— Тоже мне блаженный: скоро весь город к нам перетянет, своих будто мало,— ворчала Верочка, когда старый доктор закрыл за собой дверь.
Дама в черной шляпке терпеливо дождалась своей очереди.
Григорий Васильевич сам выглянул из кабинета и пригласил ее зайти.
— Скажите, доктор, вы никогда не жили здесь раньше? — едва войдя в кабинет, спросила старуха.— Вы не Гриша, Гриша Марков?
— Да, я Гриша,— растерялся Григорий Васильевич, стараясь получше
рассмотреть пациентку.— Да, я Гриша, Гриша Марков, а с кем имею честь
говорить?
— Я Ганечка,— сказала старуха,— Ганечка Полторацкая, помните? Дарочкина соученица и подруга...
Забыв попросить у дамы разрешения, Григорий Васильевич сел — подвели ноги.
— Ганечка Полторацкая, да-да. Помню. Очень хорошо вас помню. В вас был влюблен Митя, и сестры изводили его...

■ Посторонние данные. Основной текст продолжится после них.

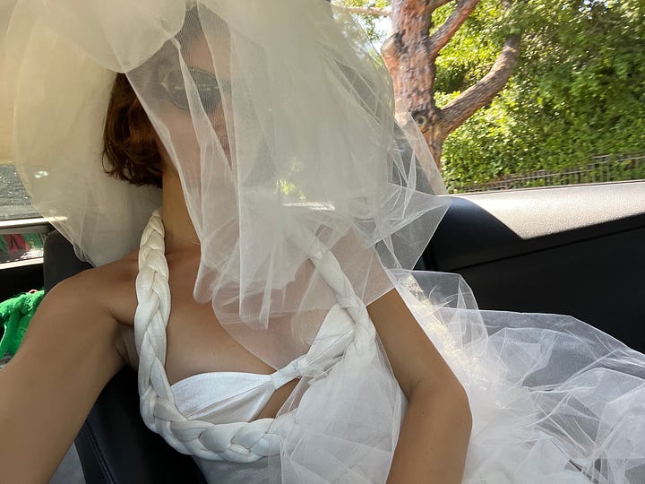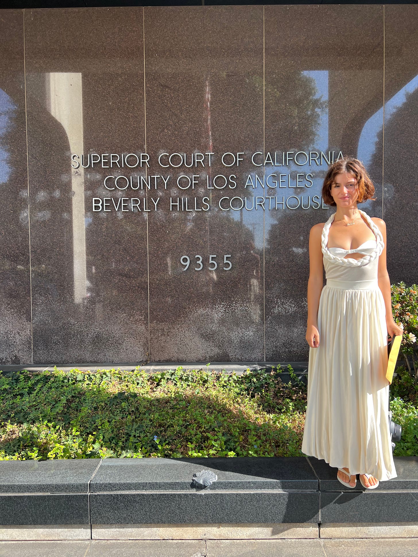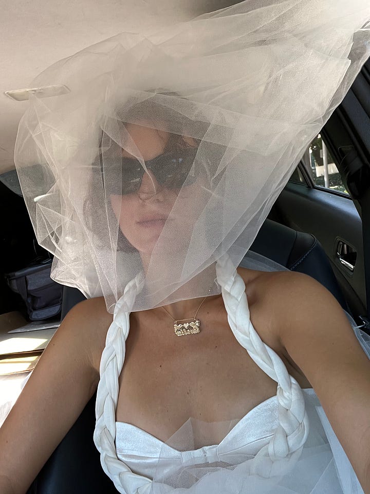 We first got married at Beverly Hills City Hall. I wore a dress by Bevza and our dog Pluto was there. We have three polaroids from the civil ceremony which will remain private and encase in a manila envelope with our marriage certificate.
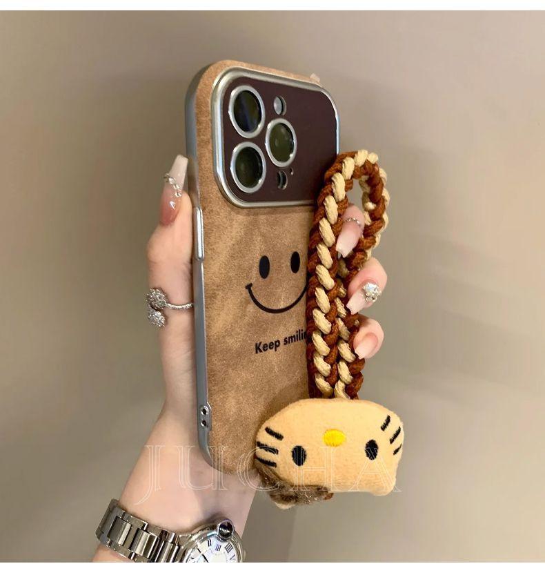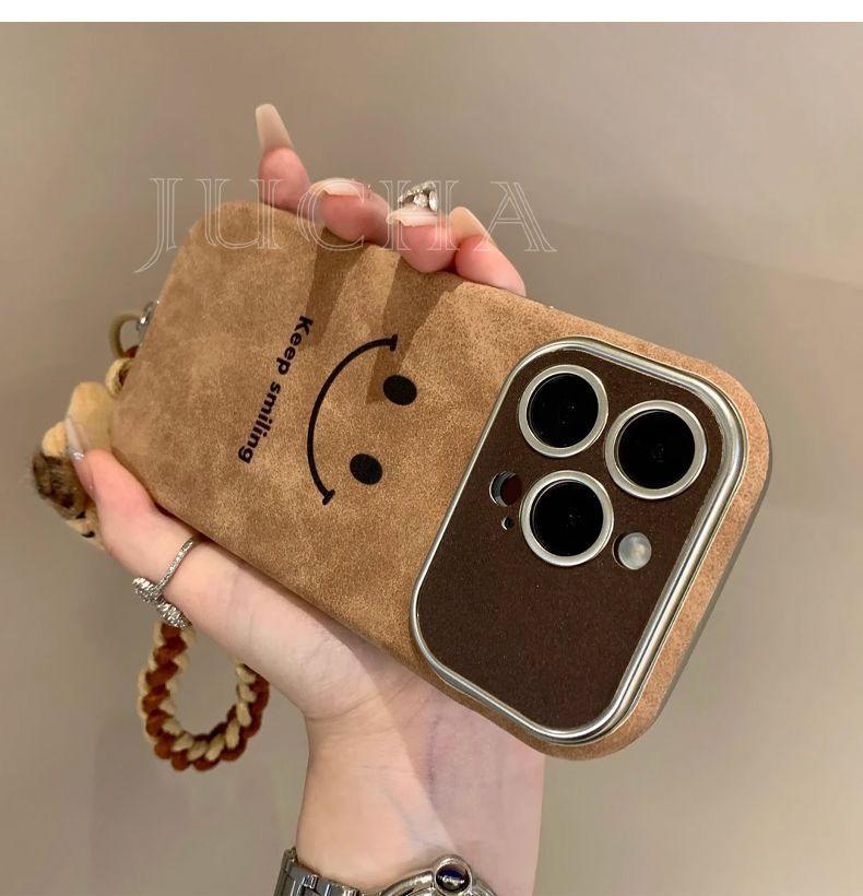 笑顔 デザイン 高級感あふれる 紐付き スマホケース iPhone に対応
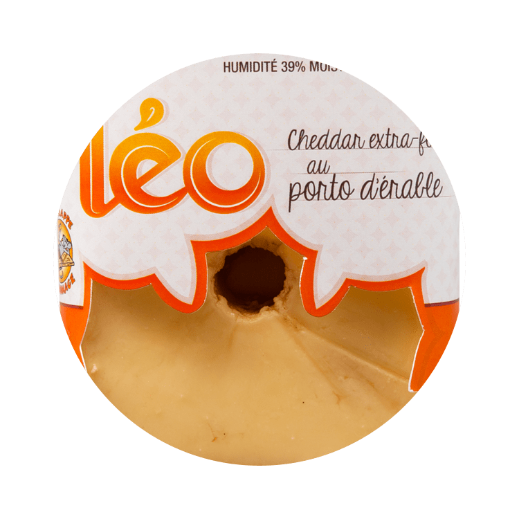 Ce fromage à pâte ferme affiné en surface est fait à 100 % de lait pasteurisé provenant de fermes laitières de l’Outaouais, sans ajout de substances laitières modifiées. Il s’agit d’un cheddar extra-fort vieilli 2 ans et macéré au porto à l’érable, le porto Charles Aimé Robert du Domaine Acer. Sa pâte légèrement friable, d’une couleur de beurre salé aux reflets bourgogne, présente un goût agréablement doux en bouche, bien complimenté des saveurs distinctives du porto. Le Léo est tout à fait unique en son genre.
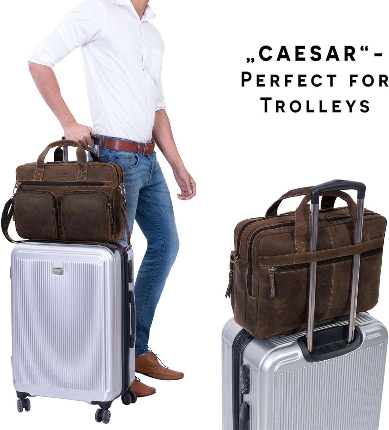 • 'Ceasar' Moderne Business Ledertasche vom deutschen Markenhersteller STILORD mit 15,6 Zoll Laptopfach und Trolleyschlaufe ideal im Daily Business und für Geschäftsreisen
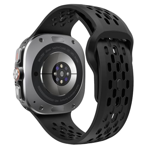 MoKo Sport Strap Compatible with Samsung Galaxy Watch Ultra Strap 47mm (2025/2024) Women Men, Breathable Soft Silicone Waterproof Marine Band Accessories for Samsung Watch 7 Ultra, Black
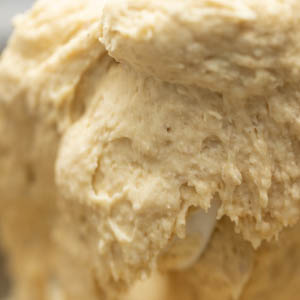 Detach the mixer bowl and scrape the bottom and sides, making sure it is well combined. With the spatula, push the batter into a mass at the bottom. Cover the bowl and set aside at room temperature for 1 hour.
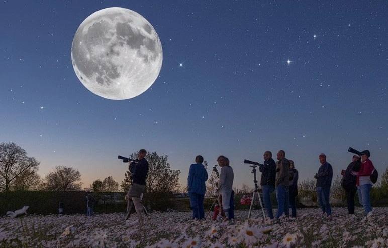 1 мая — первое микролуние! Полная Луна в апогее, её диаметр уменьшится на 13–14%, яркость упадёт на четверть. Расстояние до Земли — на 50 тысяч км больше обычного.
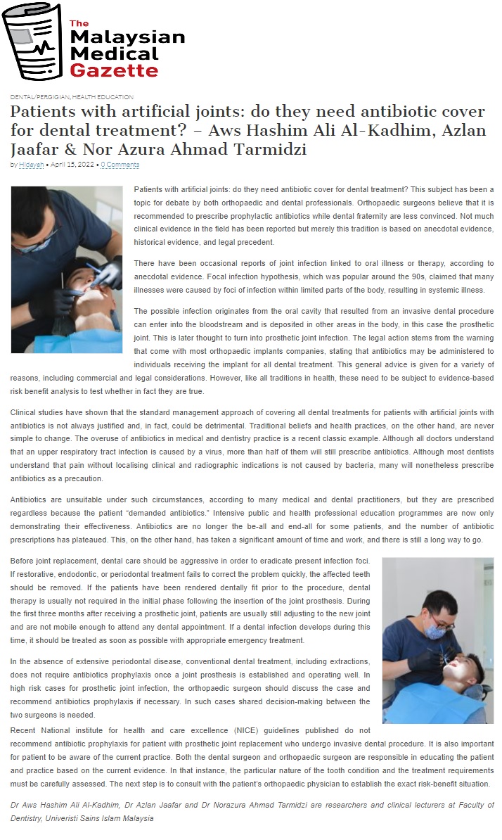 Patients With Artificial Joints; Do They Need Antibiotic Cover For Dental Treatment
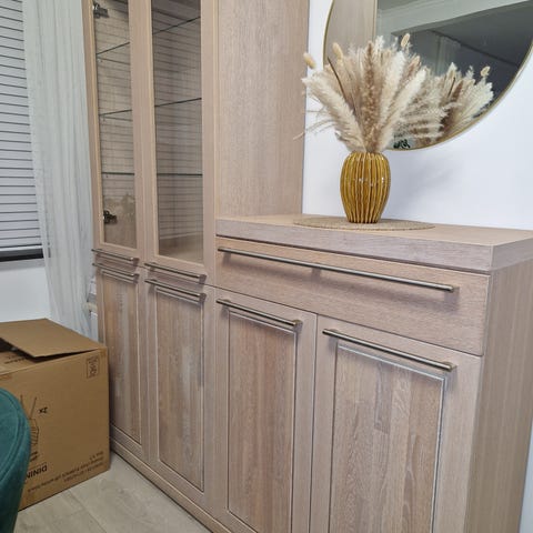 Helt nytt skap fra IKEA, selges pga plassmangel. Nye knotter i "messing" er byttet ut med de opprinnelige.
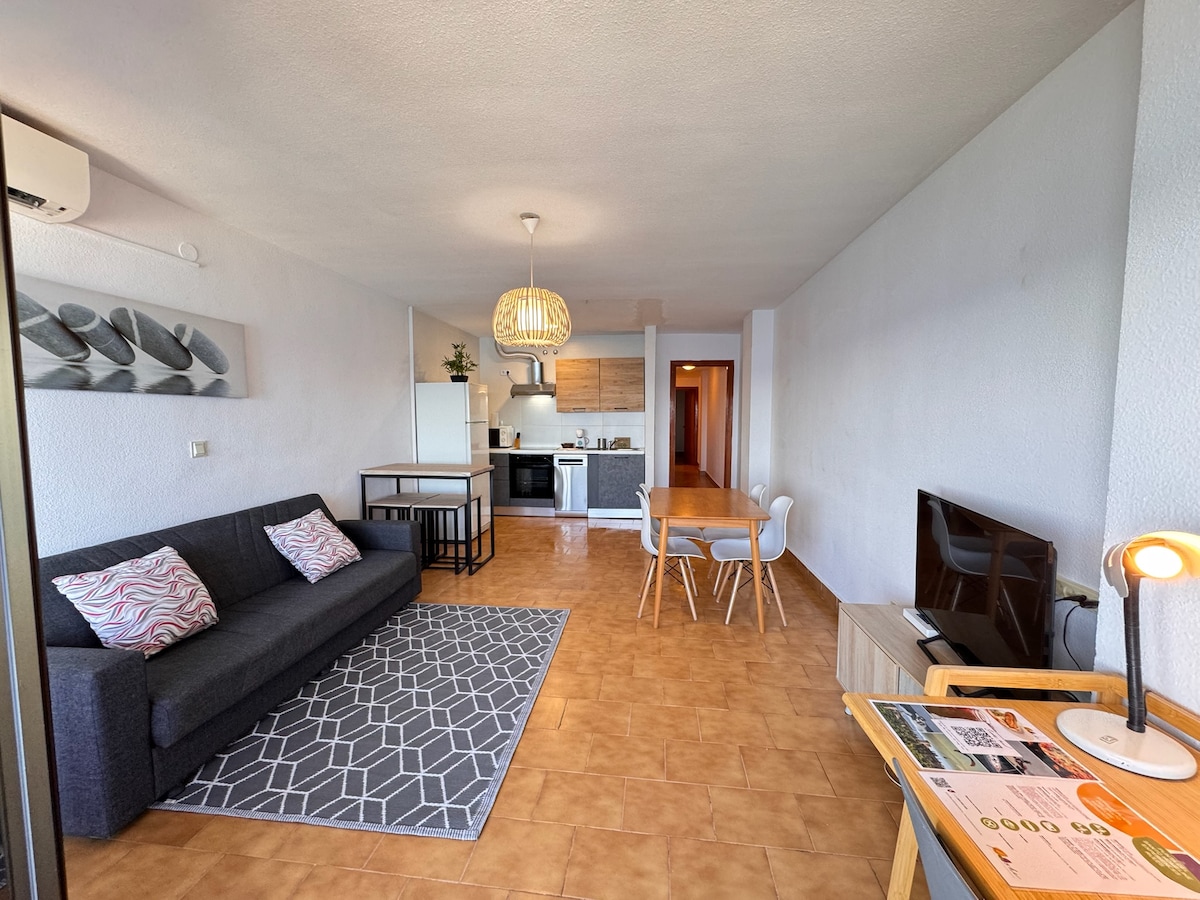 Relájate y desconecta en este apartamento en PRIMERA LÍNEA de playa de estilo mediterráneo, cómodo, funcional y práctico Dispone de Salón con cocina totalmente equipada, dos dormitorios de matrimonio con camas de 1'50 y 1'35. Un sofá cama en el salón. Un baño completo. Televisión con acceso a Internet, lavadora, secadora, cafetera, tostador, aire acondicionado. Sabanas y toallas incluidas. Se encuentra en un enclave privilegiado con multitud de servicios, bares, terrazas, tiendas...
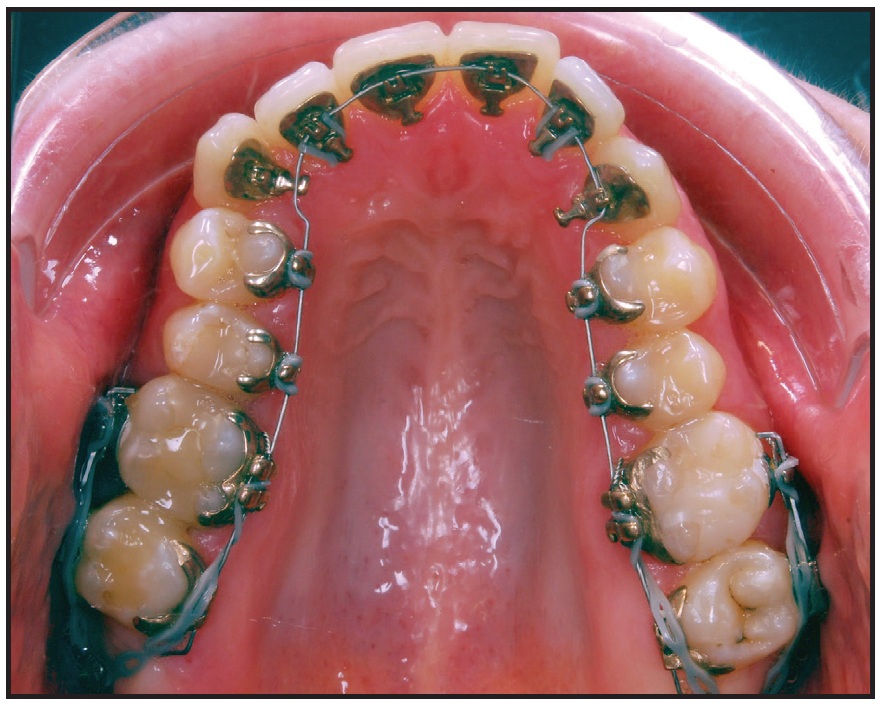 Two Dual-Top* JA standard mini-implants (1.6mm x 10mm) were placed distal to the second molars in the maxillary tuberosities (Fig. 2). One and a half months later, since the patient wanted to be treated with invisible appliances, the Incognito** lingual system was bonded and an .014" nickel titanium archwire was inserted (Fig. 3). This appliance is compatible with skeletal anchorage and has proven reliable in complex treatments. Gentle force was applied with elastic chain from the miniscrews to distalize the upper teeth. To prevent undesirable transverse movement of the molars, tubes or brackets were bonded to the buccal surfaces of the first and second molars and connected by sectional .016" x .022" nickel titanium wires.
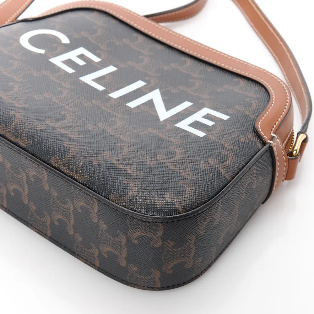 Celine Small Camera Bag Tan Triomphe Canvas Gold Hardware
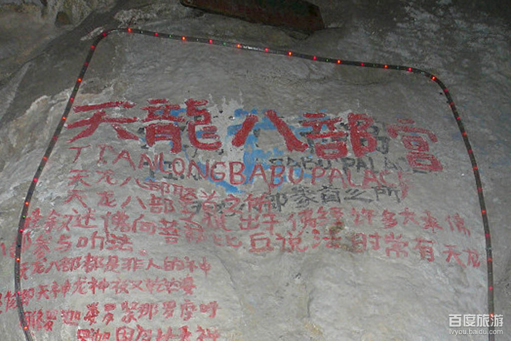 天龙洞座西向东,洞口开阔,游路曲折,总长150多米,进入天龙洞入口不远处,有一穹形厅堂,钟乳、石笋倒竖横伸,中有一巨龙张牙舞爪,似在形态各异的奇石中游动。沿游路攀登,移步换景,有“石海、洞乡”、“仙客绣球”、“犀牛望月”、“天龙八部宫”等,其造型栩栩如生,令人目不暇给。天龙洞出口在陡峭的岩壁上,一出洞口,豁然开朗,让人有恍如隔世之感。出得洞来,返程途中修建有亭、阁、游廊,可供游人休息。从山上向东眺望,山脚下的洱海风光尽收眼底,令人心旷神怡,不禁陶醉于大理如画的美景之中,流连忘返。
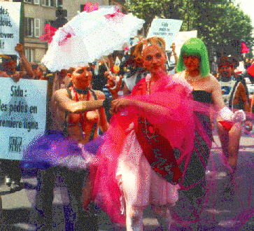 Cleews as Miss Act Up, at the Gay Pride March, June 93.

— Ну, уж и влюблен… — смутилась старуха,— Просто я ему нравилась. Ах, у него такая ужасная судьба, кто бы мог подумать! — Ганечка заломила сухие пальцы— Ах, у них у всех трагическая судьба, чрезвычайно!
А Григорию Васильевичу вдруг почудились в старческом лице черты той, другой Ганечки, юной и хрупкой, которую все в семье Маловых называли «небесным созданием». Расспрашивать ее Григорий Васильевич боялся, она сама рассказала.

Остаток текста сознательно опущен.